Ermenegildo Zegna, chairman and chief executive of Zegna Group, first became aware of Browne’s designs while browsing at Bergdorf Goodman’s in the US in the early 2000s. “It really hit my imagination,” he says; “the brand was very different, really forward-thinking in terms of the colours, the short pants and jackets. Also the details, it is extremely detail-oriented product. I said, ‘Wow, this is really new’.
“The ambition is to grow the group . . . With Tom Ford and Thom Browne, Zegna is becoming more and more American, from one brand to a new kind of Zegna group,” he jokes. “Scale is important [and] we are also very high in the luxury pyramid, with very little overlap in terms of customers” between the three labels.
The introduction between Zegna and Thom Browne was brokered by Domenico De Sole, former chief executive of Gucci, who sat on both boards. “The business was doing well so I wasn’t immediately looking,” says Browne, but he had ambitions to grow and becoming part of a bigger group would give his company more resources. After the company’s brush with fate in 2009, in addition to bringing in outside investors Browne rethought his company’s foundations.
“I never changed the way I showed my collection . . .[which] I approach purely as creating something conceptual. But 2009 taught me that you need something that’s going to sustain that,” Browne says, gesturing at the racks of ready-to-wear tailored pieces, tweeds and knits that line the green marble Milanese showroom.
“That’s when I started developing things that were easier for people to buy . . .[and] that we were going to be able to sell a lot of,” Browne adds, while retaining the “luxury in my collections to not care if [anyone] buys anything” from the runway.
This included producing more streetwear as well as designing collections for Brooks Brothers and Moncler. Now “as crazy sometimes as the ideas are and as crazy as sometimes everything looks, we know what we’re doing.”

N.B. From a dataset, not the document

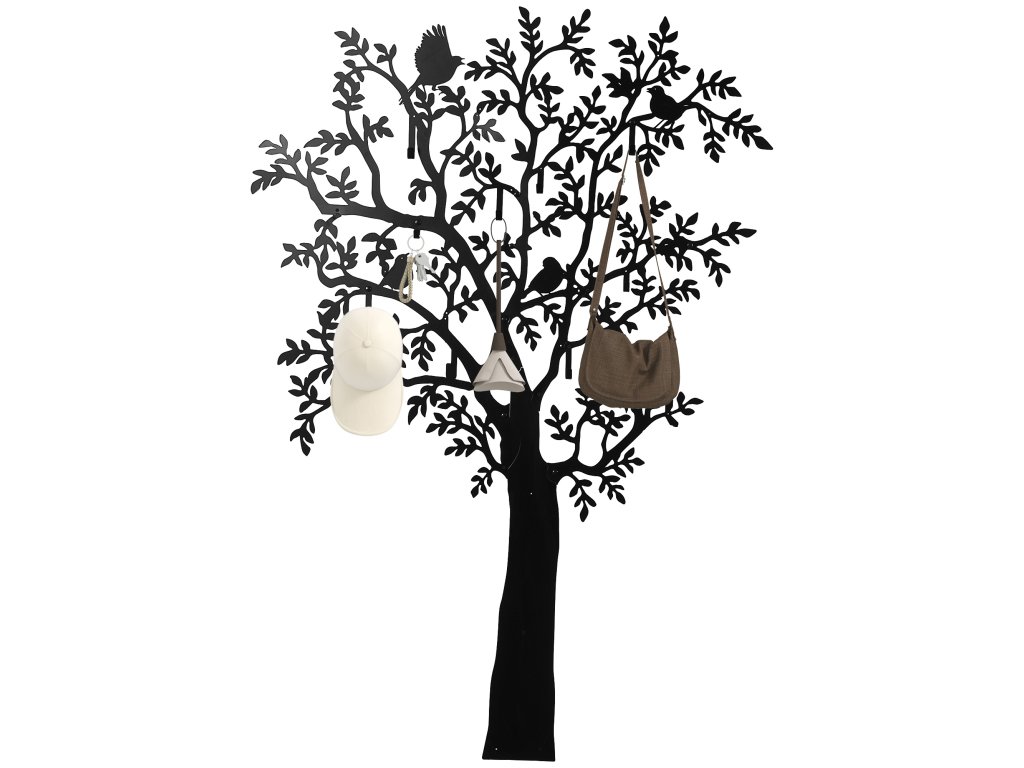 HOMCOM Nástěnný věšák, nástěnný háček na kabáty, design stromu s ptáky, černý

Classic, season-less Thom Browne pieces now make up about half of sales. “Many of the styles have been there for 10, 15, 20 years, for some jackets and specific knitwear pieces [but] they’ve been creating different versions of those classics,” says chief executive Rodrigo Bazan. Made-to-measure suits start from US$4,000 and off-the-rack knit sweaters start at around US$800.
Now, Thom Browne has 105 store locations worldwide, including in China, with plans to add 10 by the end of the year. “The strategy is always the same, it’s always Thom Browne . . . but every five years we think: This could be for a bigger audience,” Bazan says.
Menswear remains the backbone of the business, but womenswear is growing too. The company has ambitions to scale up its bags and shoes. It brought its sunglasses business in-house in 2022, and its childrenswear range was launched in 2021.
“Kids was so easy, because I was like, ‘You know what? Just shrink this down’,” Browne says, gesturing at one of his close-cut jackets.
Browne, a college swimmer, has dressed teams including the Cleveland Cavaliers and FC Barcelona. At the Met Gala in New York, Browne dressed Gen-Z breakout star Jenna Ortega and multi-hyphenate entertainer Janelle Monae. He appears to feel a particular kinship with athletes after two decades leading his company.
“I use the analogy of the loneliness of the long-distance runner [because] everything for me is almost like a sport. You need the discipline and the rigour and the extra stamina to keep it all going,” he says.
But asked if he ever tires of the grey suit that launched his career, his answer is firm: “Never. There’s always something new to do. I’ve created something that is mine and I challenge myself to make it interesting again every couple of months.”